Criminal Defense Lawyer Zak T. Goldstein, Esquire

The Pennsylvania Supreme Court has decided the case of Commonwealth v. Jones-Williams, holding that the defendant’s blood was illegally seized for drug testing because the police obtained it from a hospital without getting a search warrant. The Commonwealth had attempted to use various statutes and theories to justify the warrantless seizure, but because no exigent circumstances were present which would justify dispensing with the warrant requirement, the Supreme Court ruled that the police violated the defendant’s constitutional rights. The court therefore suppressed the blood results.

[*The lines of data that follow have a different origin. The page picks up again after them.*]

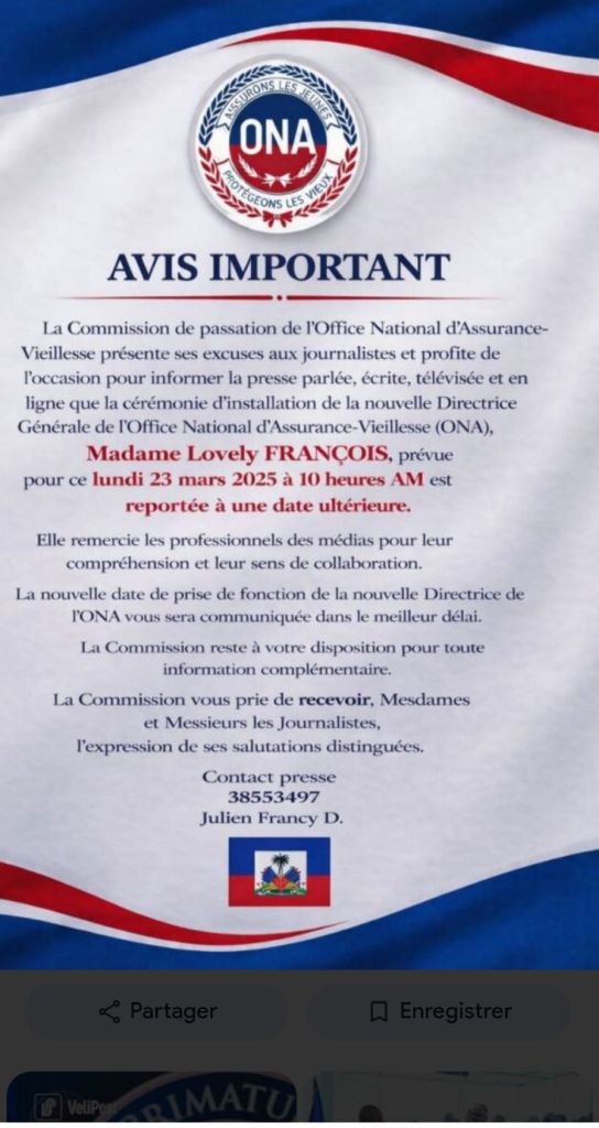 L’Office National d’Assurance-Vieillesse (ONA) traverse une zone de turbulences sans précédent. Ce lundi 23 mars, ce qui devait être une simple formalité administrative s’est transformé en un véritable camouflet pour le pouvoir central : la cérémonie d’installation de la nouvelle directrice générale, Lovely François, a été suspendue sine die sous la pression d’une base en ébullition.
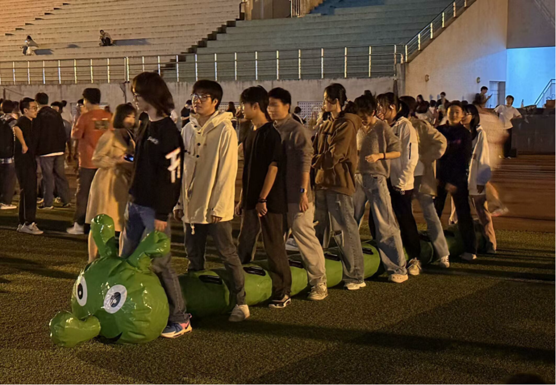 其他集体项目的训练现场则是一片欢声笑语,又不乏紧张激烈。在毛毛虫比赛训练中,每组队员们紧紧抓牢“毛毛虫”道具,步伐一致,齐心协力向前冲刺。大家一边喊着口号,一边奋力奔跑,充分展现了团队的协作精神。拔河训练时,队员们个个摩拳擦掌,双手紧握绳索,身体后倾,展现出强大的力量与坚韧的毅力。在一次次模拟比赛中,他们不断调整战术,增强团队默契。跳绳训练现场,五彩的跳绳在空中飞速旋转,同学们身轻如燕,快速地跳跃着。单人跳绳的同学追求速度与技巧,多人跳绳的团队则注重配合与节奏,大家都在为取得优异成绩而努力。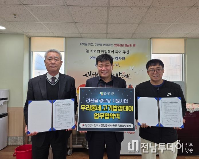 전남투데이 박동운 기자 | 강진읍 노인회가 지난 4일, 2026년 ‘우리동네 고기밥상데이’ 사업의 원활한 추진을 위해 강진읍 소상공인 육류협력업체와 업무협약을 체결했다.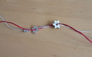 クリスマス用の飾りでこんなものがありました。ひもに星やビーズが通してあるものです。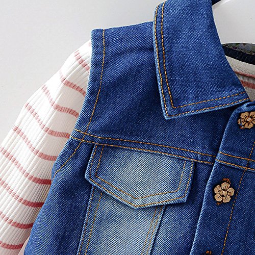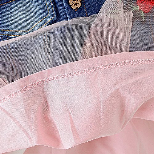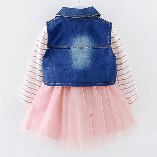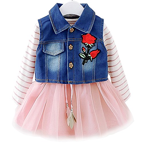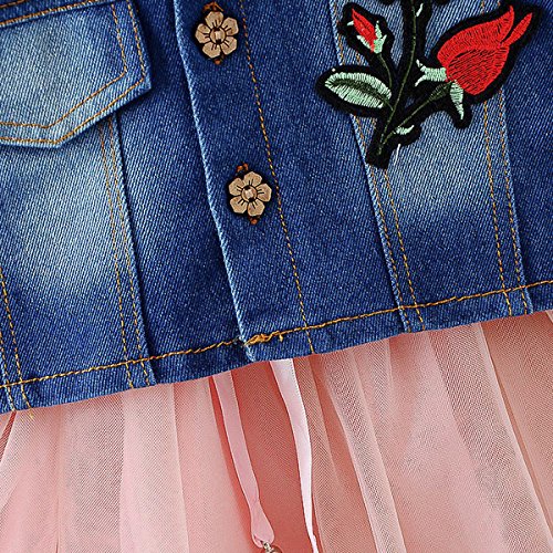 YY-Natuhi ベビー服 子供服 女の子 ワンピース デニムチョッキ 二点セット チュール スカート ふわふわ キッズ アウター コート かわいい 新生児 長袖 フオーマル 秋冬 バラ (120cm(身長105~115cm), 3ピンク)

Commonwealth v. Jones-Williams

The defendant drove his car at about two miles per hour over train tracks, where a train collided with his vehicle. The train pushed it for a quarter of a mile before it stopped moving. The defendant and his daughter were transported to a hospital, while his fiancée who had also been in the car was pronounced dead at the scene.

Lieutenant Steven Lutz, the officer in charge, spoke to several individuals who explained that the defendant’s car smelled like burnt marijuana. Lieutenant Lutz told Sergeant Keith Farren to interview the defendant and obtain a legal blood draw. A legal blood draw requires consent or a search warrant from a subject before being seized for testing. Sergeant Farren determined that the defendant was not conscious enough to give consent, as he had been drifting in and out of consciousness. This would often justify a warrantless search under the Supreme Court’s case law, but prior to obtaining the blood, the officer learned that the hospital had already drawn the defendant’s blood.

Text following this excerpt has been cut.